* What is being asked: Every line from the one holding "同日、売り場前の特設ステージ" through the one holding "浦富海岸の漁港、田後付近の土" in the data below must be returned exactly, both ends included, with pictures left out and nothing else added.

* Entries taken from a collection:
# # #

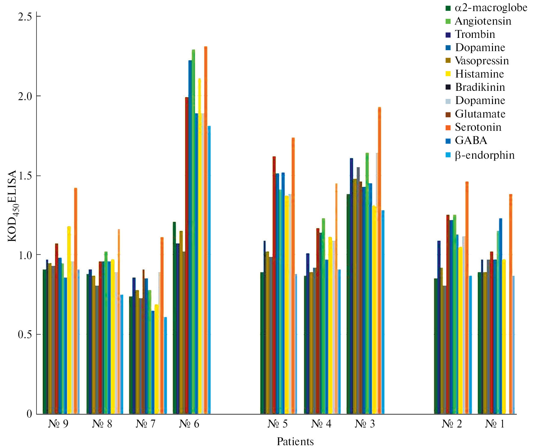 Установлено, что изменение уровней специфических антител к β-эндорфину, серотонину, дофамину, гистамину, орфанину, ангиотензину, ГАМК, глутамату, брадикинину, вазопрессину, тромбину, α-2-макроглобулину, является индивидуальным, и каждый пациент обладает характерным иммунопрофилем (рис. 1).
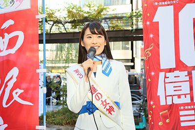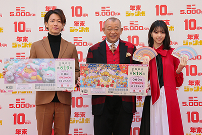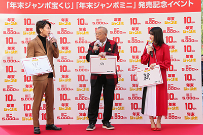 同日、売り場前の特設ステージで行われた発売記念イベントには、ジャンボ宝くじCMキャラクターの笑福亭鶴瓶さんと佐藤健さん、新テレビCM「年末ショーで宝くじ」編で共演するタレントの西野七瀬さんが駆け付けた。
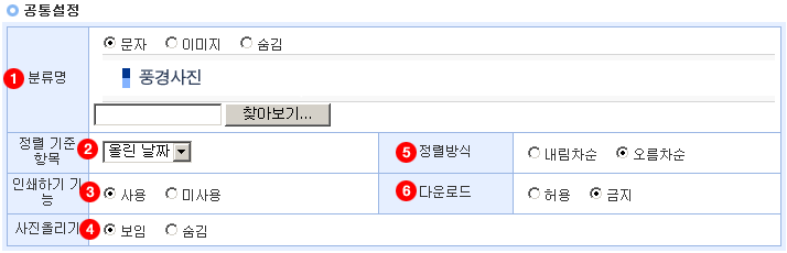 1. 사진올리기 : 사진올리기 권한을 선택할 수 있습니다. 권한의 설정은 회원관리프로그램에서 변경하십시오
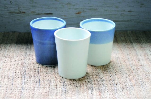 浦富海岸の漁港、田後付近の土を用いた焼き物。やわらかな白地に青の紋様が清々しく、頼りがいのある日用品の雰囲気を漂わせています。いわみ工芸村で陶芸体験もできます。
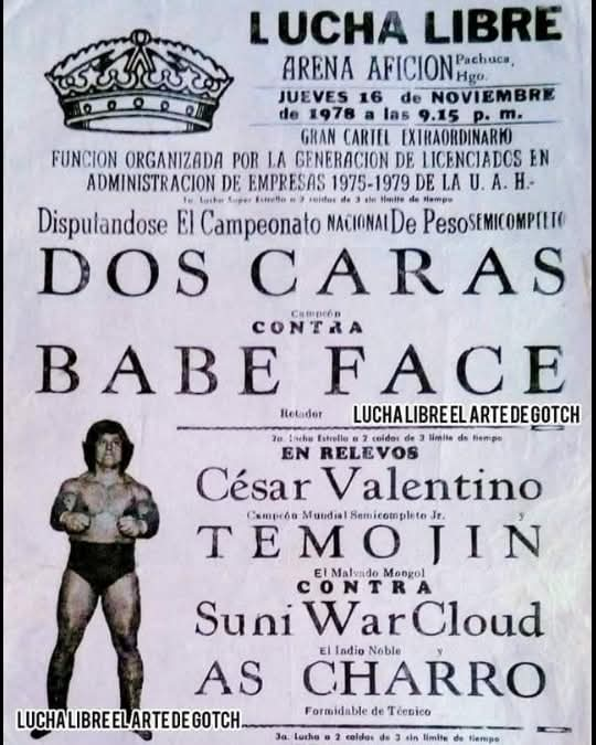 MORA (FRI) 11/17/1978 Arena Aficion 1) Cesar Valentino & Temojin vs As Charro & Sunny War Cloud 2) Dos Caras vs Babe Face [MEX LH]
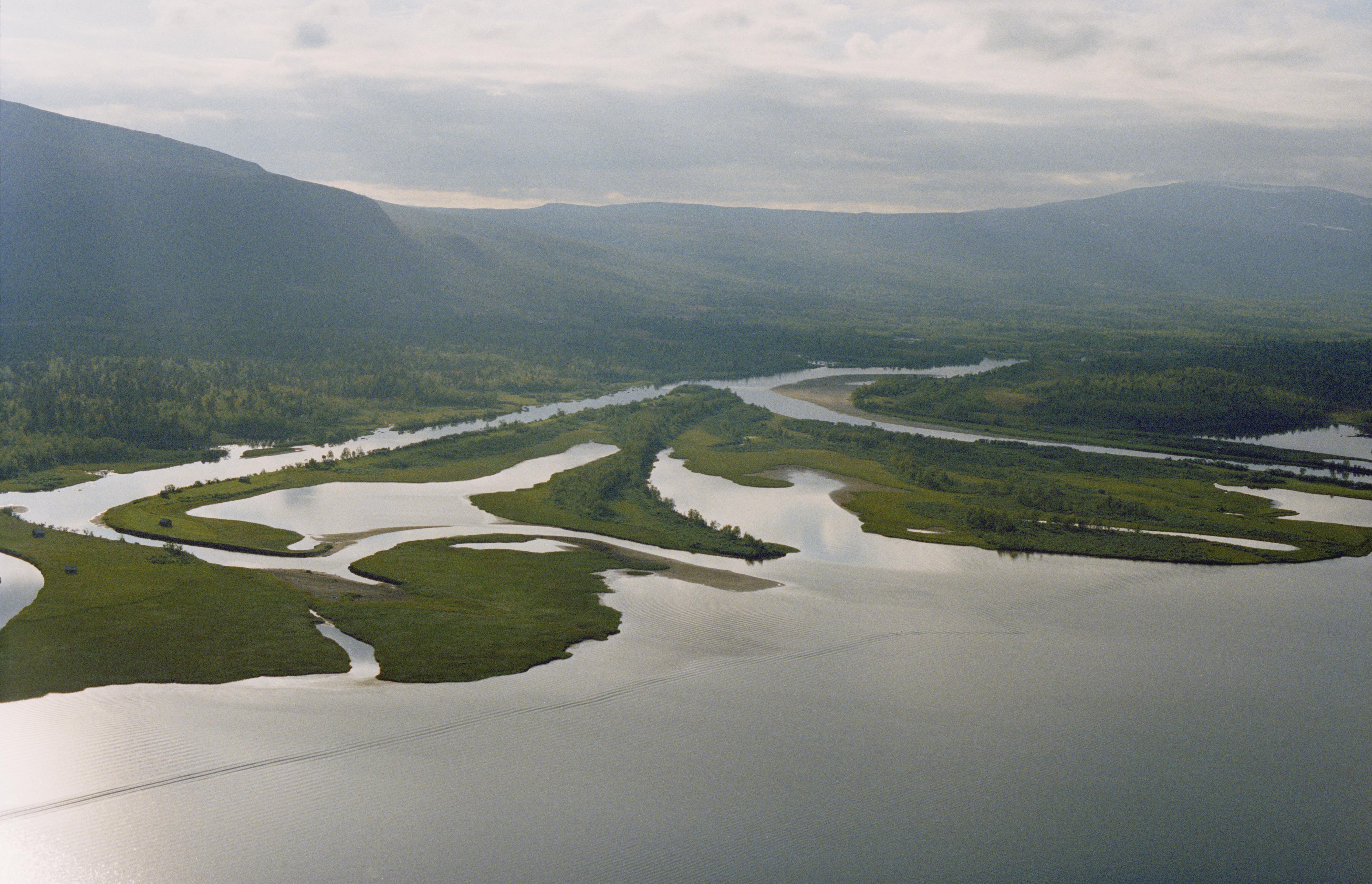 Beskrivning: Till höger över bildens mitt byn Bäverholmen (Vaddnemsuolo). I bildens nedre del området Yrafdeltat (skrivs även Irafdeltat) där Laisälven (Lájsso) rinner in i sjön Iraft (Yraft). Till höger om bildens mitt härd RAÄnr Arjeplog 564:1. Bilden är tagen mot (väderstreck): SV

# # #

* Output for this exercise:
 同日、売り場前の特設ステージで行われた発売記念イベントには、ジャンボ宝くじCMキャラクターの笑福亭鶴瓶さんと佐藤健さん、新テレビCM「年末ショーで宝くじ」編で共演するタレントの西野七瀬さんが駆け付けた。
 1. 사진올리기 : 사진올리기 권한을 선택할 수 있습니다. 권한의 설정은 회원관리프로그램에서 변경하십시오
 浦富海岸の漁港、田後付近の土を用いた焼き物。やわらかな白地に青の紋様が清々しく、頼りがいのある日用品の雰囲気を漂わせています。いわみ工芸村で陶芸体験もできます。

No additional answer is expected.